In brief, the research commenced with a detailed cross-examination of the effects of pH and specific cations and anions at varying concentrations on formation of protein nanoparticles. Next, the intermolecular protein−peptide contacts within nanoparticles were identified by cross-linking followed by mass spectrometry. The researchers then studied an alternative self-assembly trigger mechanism where magnesium ions were used as the initiators. Lastly, they tested whether the presence of other biomolecules affected assembly of protein nanoparticles and the controlled dis-assembly of the nanoparticles.

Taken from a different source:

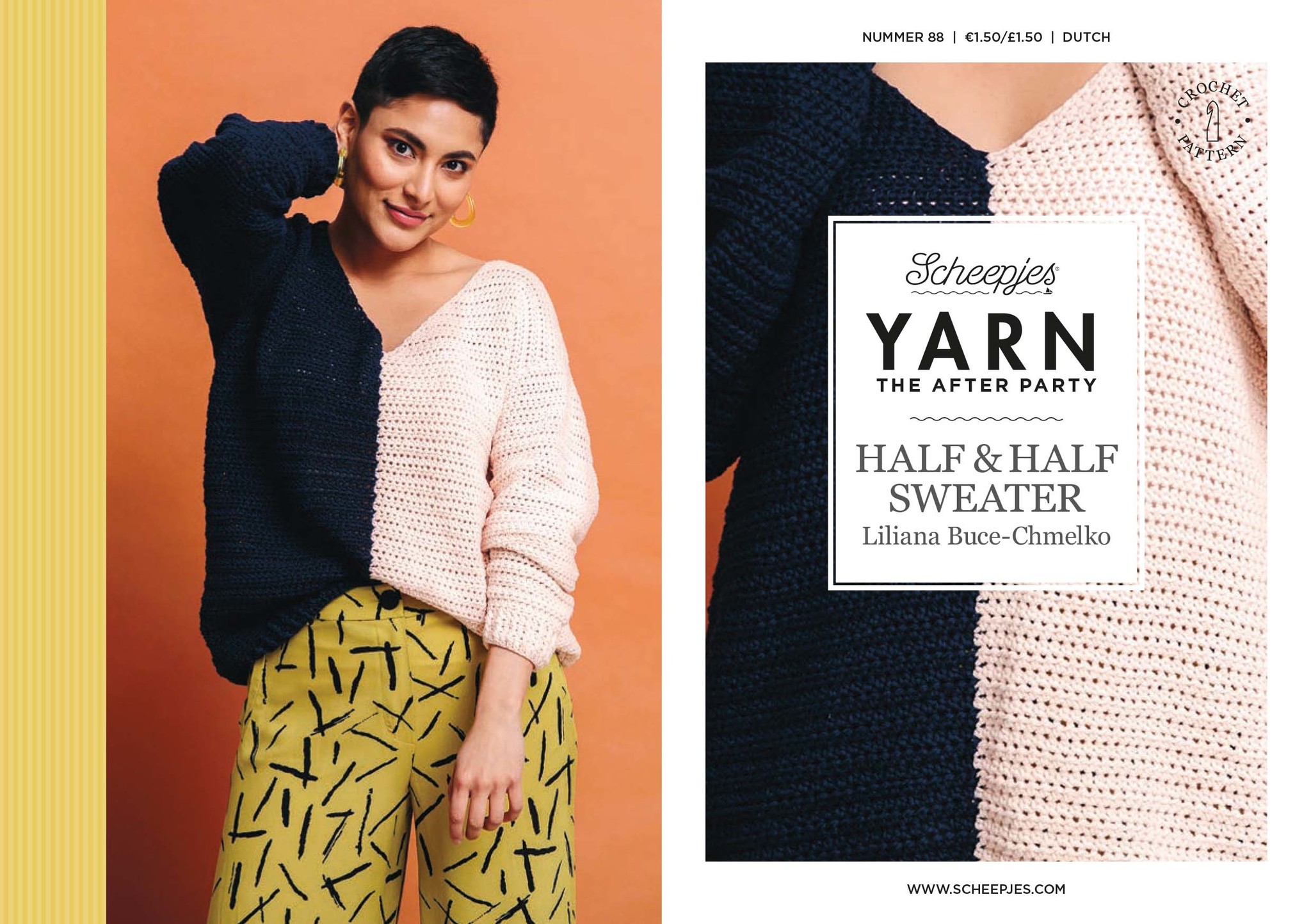 Het patroon voor de Half & Half Sweater wordt beschreven in YARN - The After Party 88. Naast de uitgeschreven instructies bevat het patronenboekje ook een schema. De Scheepjes YARN - The After Party booklets zijn verkrijgbaar in het Nederlands, Engels (UK) en Duits. Verpakt per 20 stuks.

The authors observed that both pH and magnesium ion concentration could be varied independently or in combination to control nanoparticle size. In addition, they noted that the formation of protein nanoparticles did not affect the enzyme activity of proteins within the nanoparticles formed under a broad range of assembly conditions. Furthermore, the protein nanoparticles were observed to remain stable to the change in conditions once they were formed, and retained their size over long periods of storage.

In a nutshell, the study by Monash University scientists demonstrated the controlled formation of protein nanoparticles driven by a self-assembly peptide linked to the protein, in lowered pH conditions within buffered solutions or metal ion Mg²⁺ as two independent modulating parameters. In general, their work elucidated the key peptide−peptide and protein−peptide interactions that were affected by the two solution conditions. Altogether, the study offered vital information that enables the convenient formation and tailoring of protein nanoparticles without changing amino acid sequence.